Handling Sign Flips when Converting a Rotation Controller to an Euler Controller
 
 
 

When converting any rotation controller to an Euler controller it is possible for sign flips to occur in the resulting animation. This is due to the fact that one single rotation matrix can be expressed through many different triplets of Euler angles. Sometimes the produced Euler angles are not interpolatable. There is code in the SDK which solves this problem. It samples the whole animation range and produces Euler angles that result in the same animation as the original, if interpolated. This code is generally valuable for developers who want to convert keys of any type of 3ds Max controller that uses quaternions internally into a Euler angle keys (for example an export plugin).

The code can be found in \MAXSDK\SAMPLES\CONTROLLERS\EULRCTRL.CPP in the method EulerRotation::Copy(). The algorithm works as follows:

The code samples the entire animation range and incrementally adds up the angles for each time step. During resampling it detects possible sign flips by comparing the Euler/Quat ratio of two successive time steps. The Euler/Quat ratio is the relation of the angle difference in Euler space to the angle difference in Quat space. If this ratio is bigger than PI the rotation between the two time steps contains a flip. The Euler/Quat ratio can be determined using the SDK functions GetEulerQuatAngleRatio() or GetEulerMatAngleRatio(). If a flip is detected the algorithm calculates the actual angle not containing a flip and adds it to the incremental angle.

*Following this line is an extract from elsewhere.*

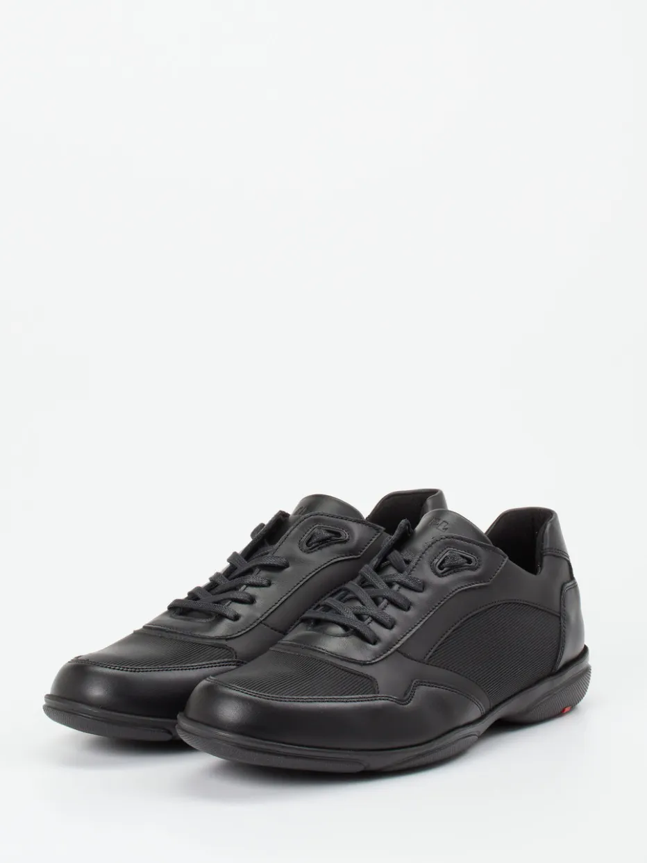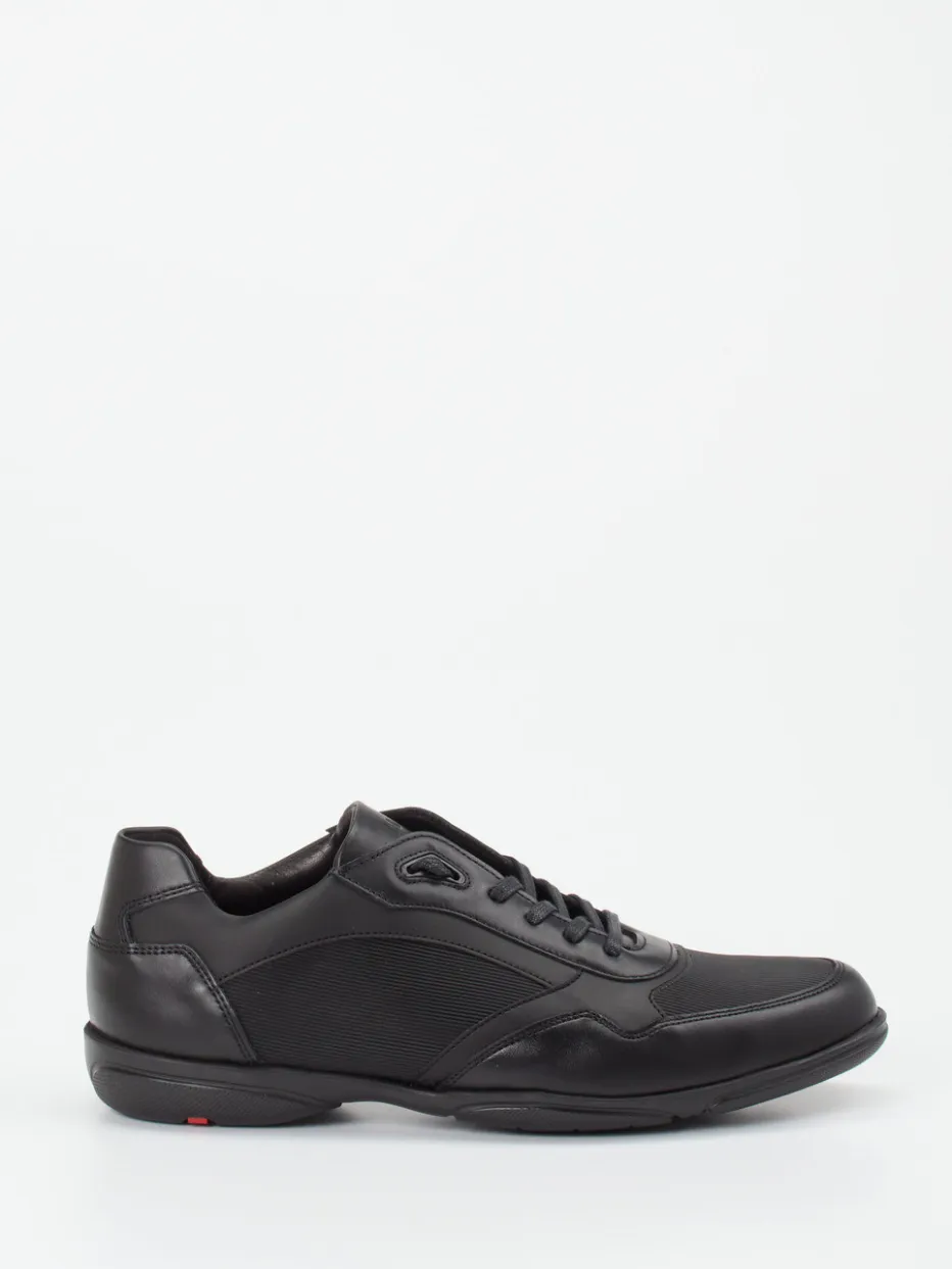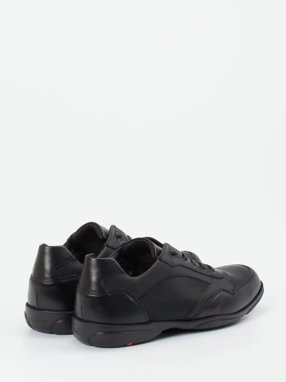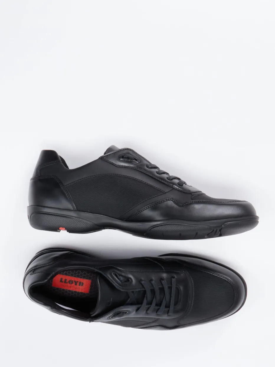Stilvolle Reduktion fürs urbane Leben.Lloyd präsentiert mit diesem Casual Sneaker einen komfortbetonten Herrenschuh für Alltag und Berufsumfeld. Die klassische Kombination aus schwarzem Kalbleder und matt strukturiertem Textil-Mesh unterstreicht den dezenten, urbanen Stil. Die klar sportliche Linienführung wird ergänzt durch gepolsterten Schaftrand und strukturierte Seitenpanels. Dezente Markenprägungen auf der Lasche und eine ergonomisch profilierte Gummisohle mit rotem Akzent verbinden Funktionalität mit stilistischer Finesse. Im Trendsegment „Quiet Comfort“ angesiedelt, überzeugt der Sneaker durch klare Ästhetik und variablen Tragekomfort – auch für Einlagen geeignet. Ein vielseitiger Schuh mit LLOYD-typischer Materialqualität und urbaner Eleganz.

The actual detection of the flip is dependent on the amount of rotation in between the time steps. It is obvious, that the smaller the time step, the more accurate the detection is. In the code described above a time step of 1 tick is used, which is most accurate, but also most time intensive. The THRESHHOLD value describes the maximum intended rotation allowed between two time increments. In the code described above the threadshold is 1.0 which is equal to 57 degrees of rotation (a lot of rotation for one tick).